Database Design - Associations

Relationships modeled by UML Associations

In the enterprises being modeled by a database, objects interact with each other; we refer to such interactions as relationships. This article introduces relationships, how to model them in UML as associations, and how to implement them in the relational model.

Introduction

The UML association (ER term: relationship type) models the way that two classes are functionally connected to each other; it represents the possibility of a relationship between objects of the classes.

Example: We want our customers to be able to place orders for the products that we sell, so we need to model the Order class and its association with the Customer. Notice that while the Customer class represents a physical “thing,” the Order class represents an event that happens in the enterprise. Both are equally valid class types. We will first describe the Order.

An order is created when a customer decides to buy one or more of our products (in later sections we'll add products to our database).
We need to know when the order was placed (date and time), and which customer representative sold the order.

The association between the customer and the order will tell us which customer placed the order and correspondingly it will also tell us which orders were placed by a customer. We will describe the association in natural language just as we described the classes, but we will also include constraints about how few (at minimum) and how many (at maximum) individuals (objects) of one class may be connected to a single individual of the other class. This is called the multiplicity of the association (ER term: participation and cardinality of a relationship), and we describe it in both directions.
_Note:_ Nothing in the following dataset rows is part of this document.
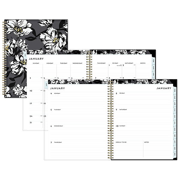 Planner, Format Weekly, Monthly, Sheet Size 8-1/2 x 11 in, Paper Color White/Black, Cover Color Gray/Black/Gold, Cover Material Laminated Paperboard; Plastic, Refillable No, Recycled Content 0 Percent, Features Julian Dates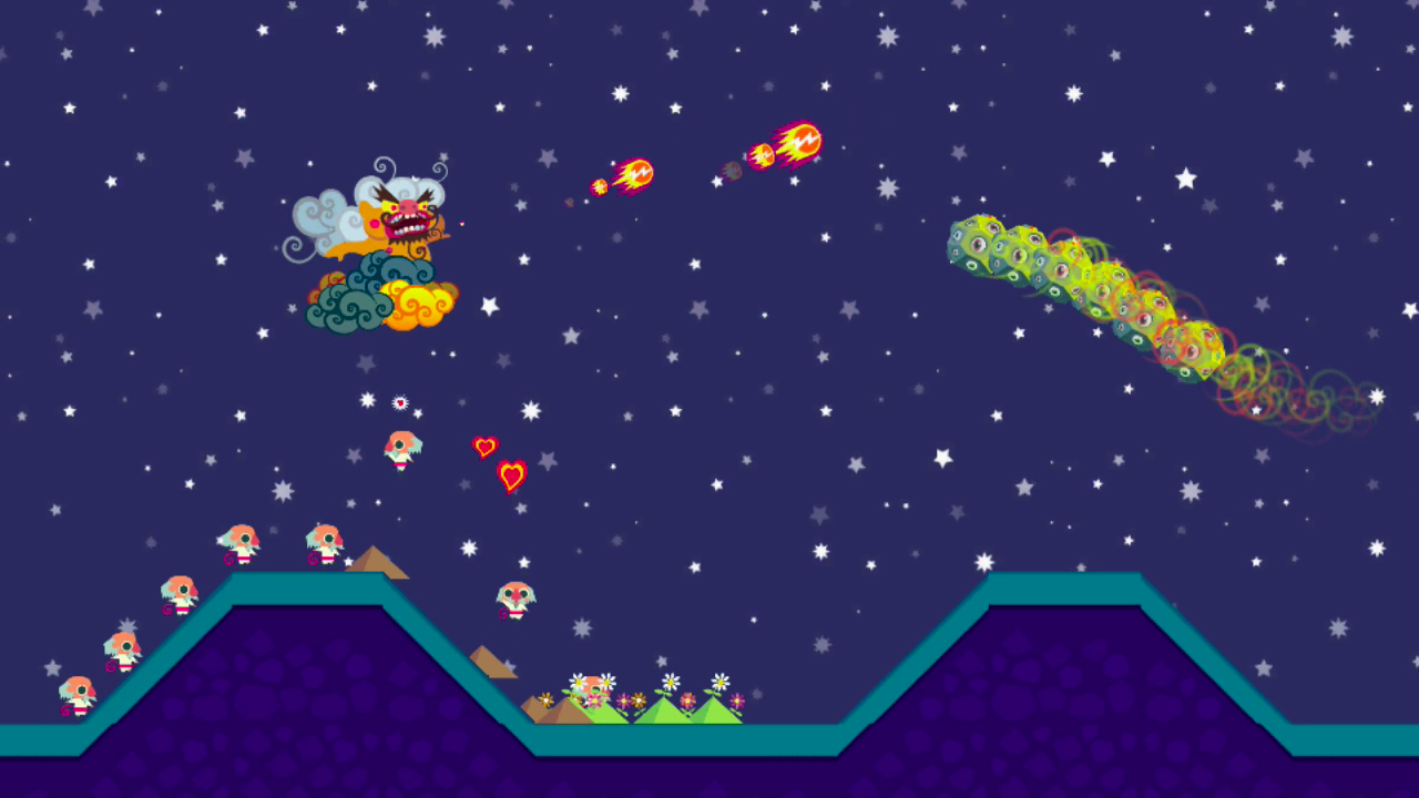 There are seven worlds set amongst backdrops such as a clear bright blue sky; the night sky; hills with trees; snow capped mountains; and various other beautiful environments. There are two things that every one of the seven worlds has in common and they are that all of the enemies will be trying to kill or capture the pilgrims and there is a boss at the end of each world. The end world bosses range in their size and frame, but they all fire projectiles or make them rain from the sky to attempt to kill you and the pilgrims you are attempting to protect, so the end world bosses can be quite hard, despite actually remaining very enjoyable to play.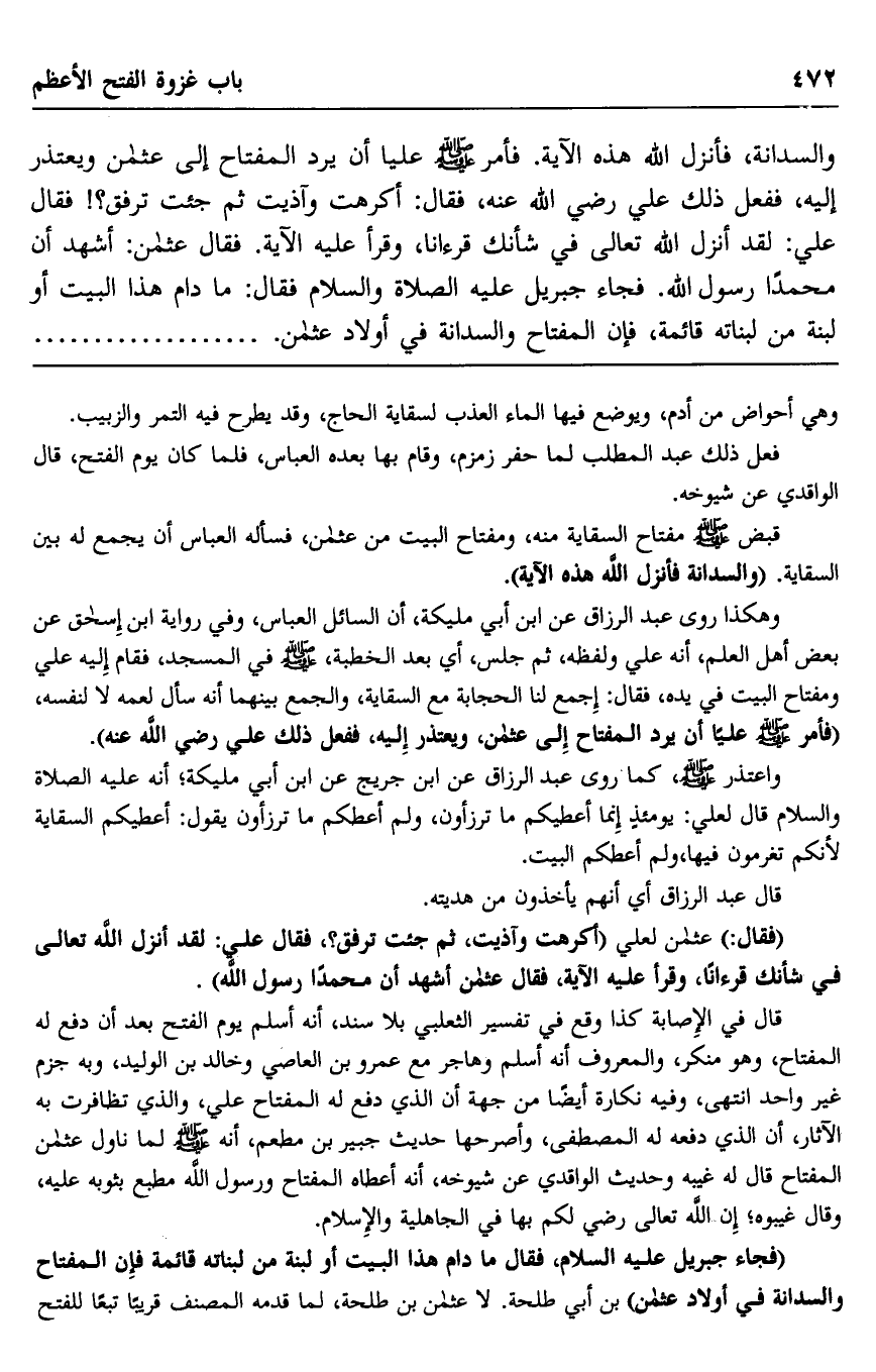 "فجاء جبريل عليه السلام، فقال ما دام هذا البيت أو لبنة من لبناته قائمة فإن المفتاح والسدانة في أولاد عثمان" بن أبي طلحة: لا عثمان بن طلحة، لما قدمه المصنف قريبا تبعا للفتح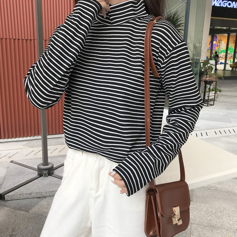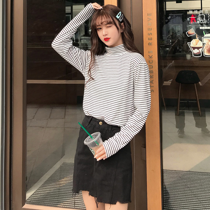 高領條紋打底衫秋裝女2018新款學生T恤衣服修身顯瘦長袖體恤上衣
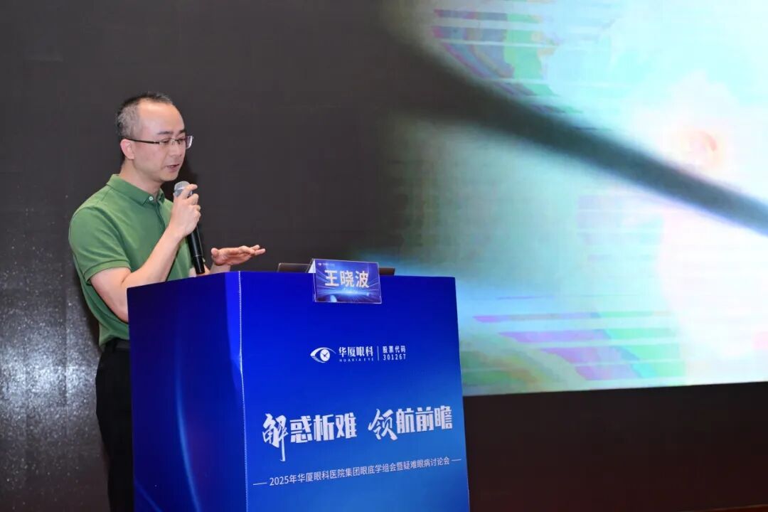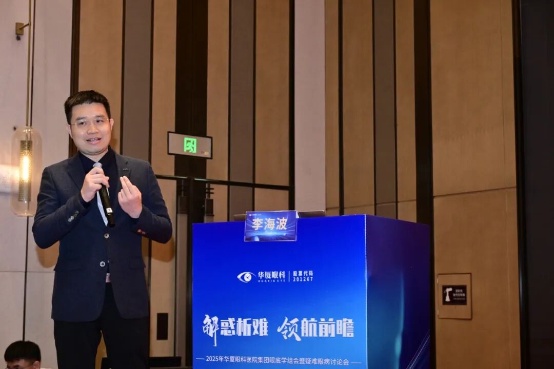 集团领导陈凤国在致辞中表示,眼底学科是集团“技术立院”的重要支撑。多年来,在黎晓新总院长的引领下,学科建设、科研教学、诊疗技术等方面都取得了扎实进步,不仅建成了一支经验丰富、梯队合理的人才队伍,更通过持续开展疑难病例研讨等特色项目,将实战经验转化为普遍提升的诊疗水平,为学科长远发展奠定了坚实基础。最后,他呼吁全体眼底医生要勇于突破技术边界,积极参与学组共建,共同打造具有华厦特色的眼底诊疗体系。
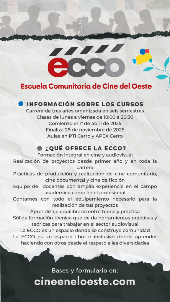 La Escuela Comunitaria de Cine del Oeste es parte fundamental del programa Oeste Audiovisual, un programa en pleno desarrollo de una política pública que toma al cine, en sus diversas expresiones desde la visualización hasta la realización, como una herramienta de “inclusión social” y un espacio para la generación de “cultura comunitaria”, tomado a la Cultura como un “derecho ciudadano” contribuyendo a la formación de personas libres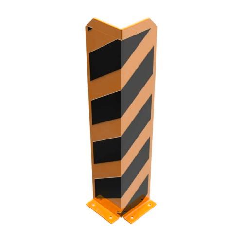 Metāla aizsargbarjera (L-tipa) – oranži dzeltena ar melnām atstarojošām joslām. Krāsota dzeltena, ar melnu līmplēvi. Piemērota izmantošanai iekštelpās. Izmēri: garums uz abām pusēm 160mm, augstums 800mm, metāla biezums 5mm. Stiprināšana pie zemes ar 4 skrūvēm (nav iekļautas komplektā!). Svars: 10.5kg.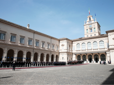 Velkomstseremonien fant sted i borggården utenfor Palazzo del Quirinale. Palasset ligger på Qurinalhøyden – en av Romas syv berømte høyder, og er den italienske presidentens offisielle residens. President Mattarella tok i mot Kongen og Dronningen sammen med sin datter, Laura Mattarella, som er Italias førstedame.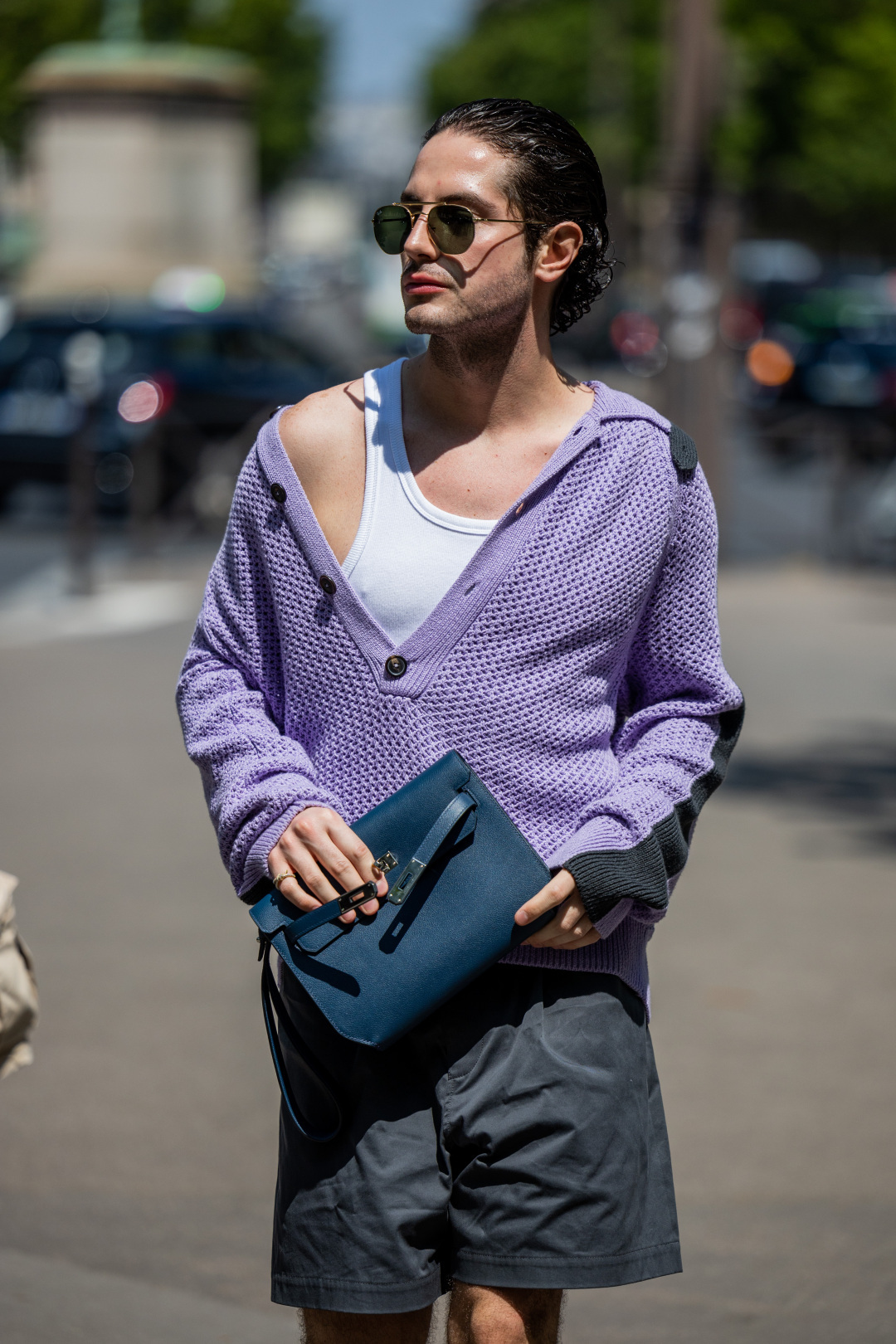 “秀场外,紫色正以千变万化的姿态展示着属于这个时代的新魅力。”专业造型师小斌表示,“法式尤莱特”的内核是自由与松弛,因此潮人街拍的舞台在穿搭风格上绝对要比正儿八经的T台秀场更精彩,也更有生命力。“先把紫色氛围拉满,再慢慢根据个人喜好与风格来细微调整。”在小斌看来,此次奥运会的比赛器材也能成为点缀整体造型的灵感源泉,如粉紫色系的橄榄球,紫色羽毛球,以及紫彩斑斓的其他更多体育项目,都可以是配饰与包包选择上直观的参考。“想象一下,羽毛球形状的紫色耳环,橄榄球形状的手拎包,多有趣呀!”小斌说道。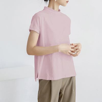 tシャツ9色スポット夏綿質純色半袖レディースパフスリーブtシャツフランスプルオーバー女性サイドオープンフォーク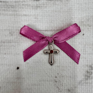 Deoarece culorile pastel sunt mereu in tendinte mai ales primavara, daca esti nasa unei fetite delicate, alege pentru botezul micutei cruciulite botez cu pietricica rosie si fundita roz prafuit.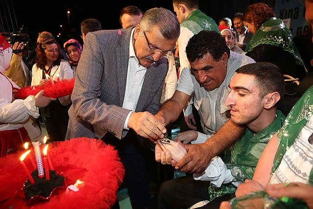 Engelli bireylerin, vatan savunmasında en ön saflarda olma arzusunu taşıdıklarını belirten Zeytinburnu Belediye Başkanı Murat Aydın, “Bu akşam engelli kardeşlerimizin kına gecelerini yapıyoruz. Hayata tutunmak için en fazla mücadele veren ve dezavantajlı olan bu gençlerimizin sağlık sebeplerinden dolayı tam anlamıyla askerlik yapma imkanları ne yazık ki bulunmuyor. Ama her vatan evladı gibi onlar da günübirlik de olsa askerliğin tadına varmak istiyorlar. Asker ocağına gidip bir gün de olsa o anı yaşamanın hevesindeler. Unutmayalım ki bizler vatanını seven bu gençler sayesinde ayaktayız. Eğer huzur içerisinde bu ülkede yaşayabiliyorsak bunda askerlerimizin çok ama çok büyük katkısı var. Bu gençlerimiz de hayata tutunma mücadelesinin yanı sıra vatan savunmasına da katkı vermek istediklerini dile getirdiler. Sağ olsun Genelkurmay Başkanlığımız da uygun gördü ve bu sayede engelli gençlerimizi bir günlüğüne de olsa asker olarak görebilmenin gururunu ve onurunu yaşadık.” ifadelerini kullandı.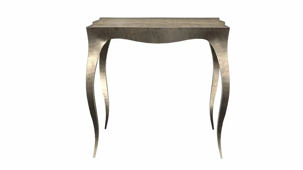Louis Card Tables from our Louise Collection. The renowned designer Paul Mathieu chose the name “Louise” when he created his more feminine version of Louis XV (1730-1760) furniture. The characteristic cabriole leg, curving outward at the knee and inward towards the foot in an "S" shape was born during this period. It is during the same era that English furniture makers produced the Queen Anne and Chippendale styles.Crafted with utmost care and attention to detail, these Louis Card Tables are made to order and are available in twelve metal clad finishes, ensuring that you can choose the perfect one to match your individual style and taste. The use of high-quality materials and expert craftsmanship ensure that each Art Deco Louis Card Tables is not only beautiful but also a true piece of art.The curved legs and side arms of this Art Deco Louis Card Tables are hand carved from solid pieces of teak. Pattern makers trace and cut complex forms that will cover the chair in a skin of copper, white bronze, brass or antiqued white bronze The metal finishes will tarnish over time. Regular non-abrasive household metal polishes can be used to restore the original luster.Overall, if you're looking for a piece of furniture that combines luxury, comfort, and style, then the Art Deco Card Tables is an excellent choice. With its distinctive curved profile and multiple finish options, this Chair set is sure to elevate the look of any room it is placed in, and be a beloved addition to your home for years to come.The images shown in this listing are shot in different lighting conditions and/or are 3D illustrations. We encourage our customers to please request a sample or a full sample set of 12 finishes so that they can experience the finish first hand. Louise Art Deco Industrial and Work Tables Smooth Antique Bronze by Paul Mathieu for Stephanie OdegardSize- 32"x 32"x 30"HMaterials - White Bronze, Metal sheet, Teak, Wood, MetalTechniques: Hand-Crafted, Hand-Carved, Metal Work, Wood Work, Metal Wrapping, PolishedPlease note that moisture in air, sudden change in temperature and natural movement of wood over time causes the metal to wrinkle or bubble up. We use well seasoned, reclaimed teak and high quality marine grade MDF (wherever technically possible) to avoid and delay the mentioned changes. However a perfect stability of metal cannot be guaranteed. Please note that our smooth finish metal clad pieces will have some unavoidable tool marks. This is proof that everything is done by hand. The smooth finish will not come out like a machine made perfect surface and the master artisan will do their best to make it look as good/clean/stable/perfect as he possibly can.The antique white bronze finish is hand done by using an acidic chemical over the white bronze finish to recreate a natural patination. Like with the natural patination of silver, copper, or brass, the final result and color uniformity of the patina cannot be guaranteed. The goal of this finish is to achieve rainbow-like shades with dull, shiny, cloudy, and streaky patches to give an illusion of antiquing. Please note:None of our metal clad pieces are treated with a protective “finish” thus enabling the items to age naturally over time. We will of course polish them well before we pack them. a) Copper oxidizes faster than the other metals. In six to twelve months it will most likely lose its shine and will gradually turn to different shades of brown and/or green/blue. This aging process and its effect is referred to as verdigris. After a year the piece should not change much more. Copper does not rust, but does require periodic cleaning in order to retain its original shine if that the preferred option. ('BRASSO' or any known copper polish can be used to polish copper).b) Brass retains its shine for far longer than others, but will tarnish if not cleaned on occasion. ('BRASSO' is made to polish brass).c) White bronze, has the least tendency to show age or tarnish. If kept in a controlled climate, this metal will hold its shine for years. It can be cleaned with a cleanser and polished with a cloth. d) The antiqued white bronze finish will react with the natural elements the fastest in the beginning but it too will stop reacting and will settle down in a stable state like copper after 6-12 months. Since it is already antiqued and looked like it is tarnished, as described in an earlier message, this fast reaction will not change the over all look. In that way this surface is most forgiving. The images shown in this listing are shot in different lighting conditions and/or are 3D illustrations. We encourage our customers to please request a sample or a full sample set of 12 finishes so that they can experience the finish first hand.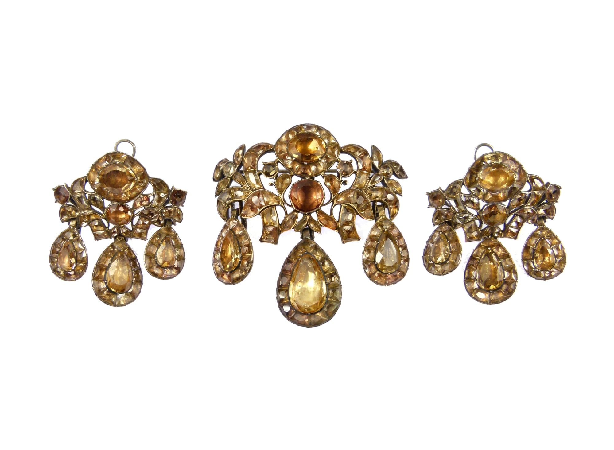 18th century foiled light orange topaz triple drop demi-parure of brooch and pair of earrings, Portuguese c.1770, of girandole design,

“Each customer places zero or more orders.” (The symbol * in the diagram below means “many”, and any quantity more than one is considered to be“many” in a database.)
“Each order is placed by one and only one customer.” (Bad English—passive voice—but makes sense!)

Every binary association is described by two sentences as listed above for the sample association. The sentences start with the word “each” as we consider just one object from the named class that is the subject of our sentence. The sentence then specifies the participation (0 for optional or 1 for mandatory) and cardinality (1 or many) constraints denoting number of objects from the other class that the one object can relate to. Another way of specifying the participation is with using the modal verbs “may” for optional participation and “must” for mandatory participation. The alternate versions of these sentences are listed below.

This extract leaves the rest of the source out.